If it’s an equity fund, the answer to beating the market has been to invest in growth stocks. Only 38% of large-cap growth funds didn’t top the S&P growth index that tracks them; for small-cap growth, the active fund outperformance was even better, with just 14% falling short. But it helps to have a little something extra, some special sauce.

For equities, F/m Integrated Alpha Large Cap Growth proves the point about going beyond the conventional. The fund this year is up 9.7% as of Thursday’s close, less than the S&P 500’s 12.1%. But last year it skunked the index, 42% to 18.2%, and over three years (it launched in 2016) was well ahead, 25% to 18.5% annually.

If we’re talking about a fixed-income fund, the way to best the chief bond benchmark, the Agg, also known as the Bloomberg Barclays Aggregate Bond Index, is to move beyond the plain-vanilla precincts of Treasury and highly rated corporate paper.

Bonds are meant more for income than appreciation, so their performance doesn’t usually range as high as that of stocks.
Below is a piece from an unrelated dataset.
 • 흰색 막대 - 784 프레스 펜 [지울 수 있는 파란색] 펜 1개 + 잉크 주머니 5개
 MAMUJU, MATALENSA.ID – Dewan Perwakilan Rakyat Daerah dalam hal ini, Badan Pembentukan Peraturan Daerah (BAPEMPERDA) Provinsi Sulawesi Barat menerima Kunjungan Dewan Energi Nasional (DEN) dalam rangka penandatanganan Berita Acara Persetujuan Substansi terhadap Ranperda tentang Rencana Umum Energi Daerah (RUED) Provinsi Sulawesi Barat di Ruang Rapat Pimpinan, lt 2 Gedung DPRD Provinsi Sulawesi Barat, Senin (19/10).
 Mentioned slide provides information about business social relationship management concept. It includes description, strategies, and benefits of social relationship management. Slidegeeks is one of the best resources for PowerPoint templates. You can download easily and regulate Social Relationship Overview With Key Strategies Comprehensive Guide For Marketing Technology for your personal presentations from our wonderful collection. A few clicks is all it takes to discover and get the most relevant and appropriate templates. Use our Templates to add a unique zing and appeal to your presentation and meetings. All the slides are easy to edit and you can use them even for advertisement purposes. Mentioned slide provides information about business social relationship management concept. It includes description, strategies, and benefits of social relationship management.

As for one bond-oriented fund, Oakhurst Fixed Income (which debuted in 1995), the story is much the same as with Integrated Alpha. This is not a great year for fixed income, and the Oakhurst offering is off 1.3%, although not as far down as the Agg, at minus 2.8%. Over three years, they are almost even, and over five years Oakhurst leads, 3.6% to 3.1%.

One thing these two funds share is their parentage. They were bought by asset manager F/m Acceleration. The parent’s proposition is simple: It will take care of all the admin, marketing, trading operations, etc.
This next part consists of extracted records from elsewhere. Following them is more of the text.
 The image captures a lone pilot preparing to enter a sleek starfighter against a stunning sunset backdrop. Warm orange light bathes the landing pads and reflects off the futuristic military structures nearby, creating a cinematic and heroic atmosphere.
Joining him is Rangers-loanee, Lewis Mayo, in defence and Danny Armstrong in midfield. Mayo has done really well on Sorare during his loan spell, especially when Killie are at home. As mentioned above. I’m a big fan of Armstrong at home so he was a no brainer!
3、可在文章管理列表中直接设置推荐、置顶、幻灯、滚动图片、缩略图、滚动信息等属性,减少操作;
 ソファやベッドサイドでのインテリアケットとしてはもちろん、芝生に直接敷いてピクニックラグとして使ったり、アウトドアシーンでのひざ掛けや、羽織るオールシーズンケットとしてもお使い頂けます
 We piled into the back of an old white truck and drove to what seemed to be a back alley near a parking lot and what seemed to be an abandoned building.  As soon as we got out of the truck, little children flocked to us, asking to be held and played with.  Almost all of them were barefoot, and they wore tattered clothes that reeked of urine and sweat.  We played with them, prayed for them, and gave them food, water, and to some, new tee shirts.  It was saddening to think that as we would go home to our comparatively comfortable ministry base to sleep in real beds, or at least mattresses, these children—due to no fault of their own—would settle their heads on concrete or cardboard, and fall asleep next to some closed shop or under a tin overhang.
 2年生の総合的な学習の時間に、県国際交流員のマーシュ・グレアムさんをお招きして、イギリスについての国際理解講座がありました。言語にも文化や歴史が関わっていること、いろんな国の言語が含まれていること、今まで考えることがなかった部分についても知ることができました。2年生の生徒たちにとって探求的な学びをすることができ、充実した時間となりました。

This allows the managers to focus on picking the right asset mix. Formed in 2019, the company is dedicated to finding boutique funds struggling to get noticed or funds from large organizations where portfolio managers feel stifled. “If you start a new fund, it takes time to get it up and running,” explains its CEO, David Littleton, adding that his company is happy to take on such chores.

F/m bought Integrated Alpha from a family office and Oakhurst from a regional bank, First Western. There has been a trend toward this kind of consolidation. Affiliated Managers Group AMG +0.9%, for instance, has gobbled up smaller funds, such as a bunch from Ashton Asset Management and Pantheon Ventures.
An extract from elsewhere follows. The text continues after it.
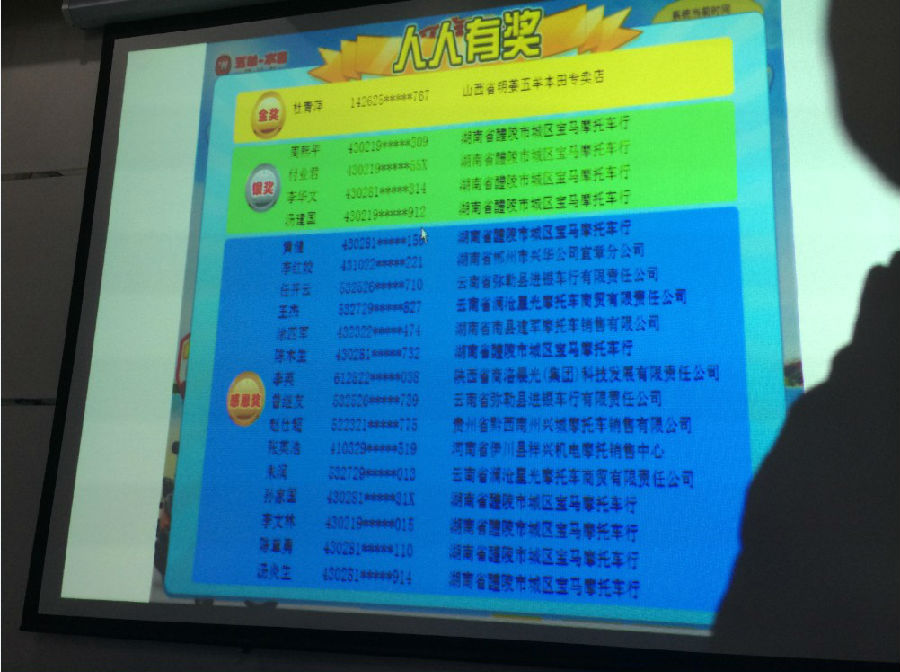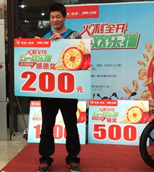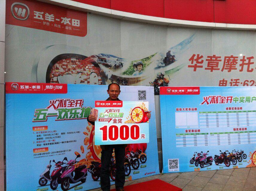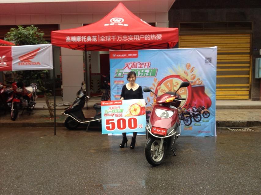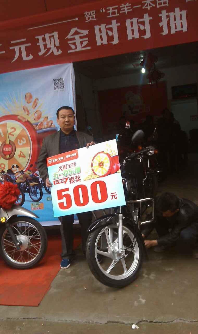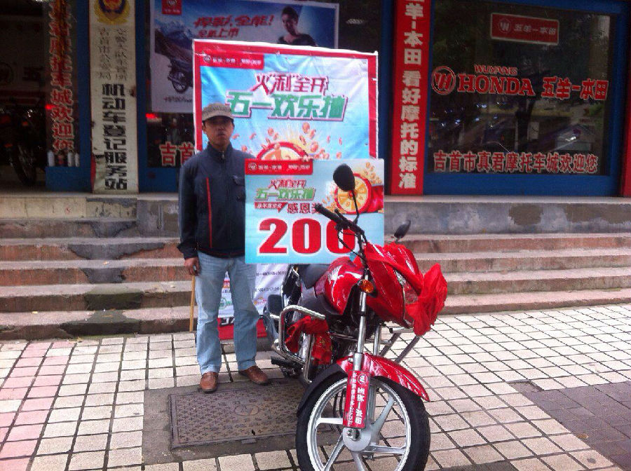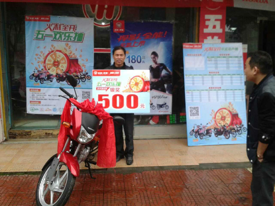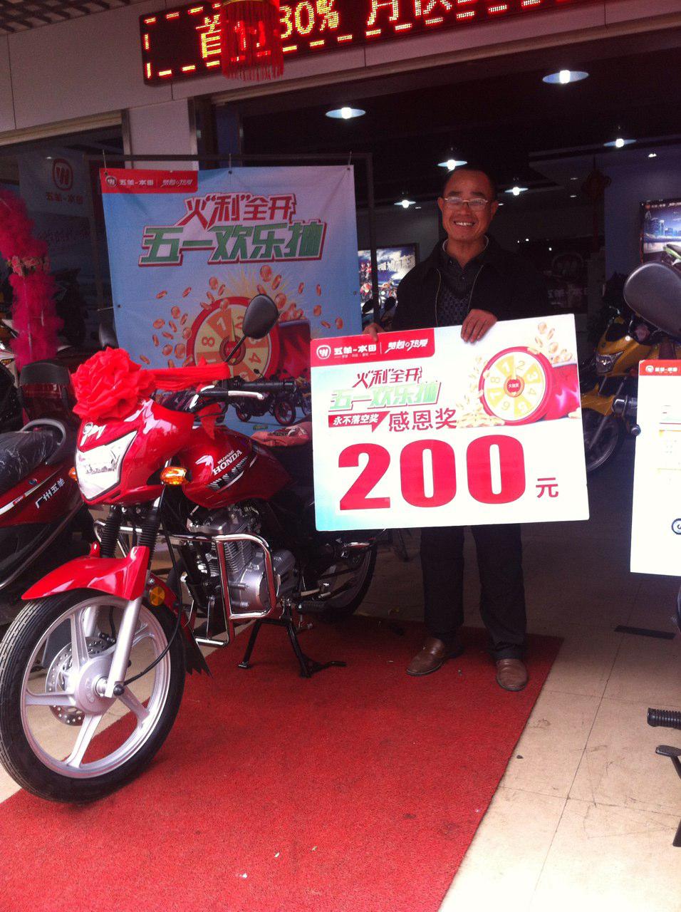 湖南參與抽獎(jiǎng)活動(dòng)單位有40多家,從活動(dòng)開始至29日,每天至少有110位用戶參與了本次抽獎(jiǎng)活動(dòng),其中獲得500元銀獎(jiǎng)的用戶有近290位,其中2位超級(jí)幸運(yùn)用戶更加獲得“摩托車超級(jí)大獎(jiǎng)”(醴陵東堡用戶、婁底漣源用戶)。用購得悍影150的一名用戶的話來說:“買到了好車,享到了優(yōu)惠,還中到了大獎(jiǎng)。買五羊-本田,我樂意,我高興!”。

And what this all spells is the freedom for managers to be creative. “We’re looking for specialists who think outside the box,” Littleton says.

And that’s what he has with Integrated Alpha, which combines good old-fashioned fundamental research and quantitative analysis. The portfolio is fairly concentrated, with just 30 large-cap growth names. Of course, it has the biggest allocation in tech (almost half the portfolio), with Apple AAPL +1% and Microsoft MSFT -0.2% its largest holdings. Not all its tech stocks are household names, though. Lam Research LRCX -0.3% is up 145% over the last 12 months. The fund also is big in health care: One star, Thermo Fisher Scientific TMO -0.9%, is up 41% in the last 12 months.

By the same token, bond fund Oakhurst has an eclectic mix. Sure, it houses a strong dollop of Treasury securities for ballast. And almost no high-yield, thus sidestepping the category’s recent default jump. Investment grade corporates and mortgage-backed securities round out its portfolio. Oakhurt’s duration is less than that of the Agg—4.8 years to 6.2—meaning the fund is less sensitive to interest rate swings.

By credit rating, however, its largest allocation (around a third) is in BBB, the level right before junk. That way, it can pick up decent yields without straying into speculative territory. Plus, it avoids leverage, credit derivatives and swaps, in an evident bid to keep clear of getting blindsided from the over-complexity demon.

“We want the talented portfolio managers” who feel held back, Littleton says. And once he got them, the results for his active funds have been pretty good. As in market beating.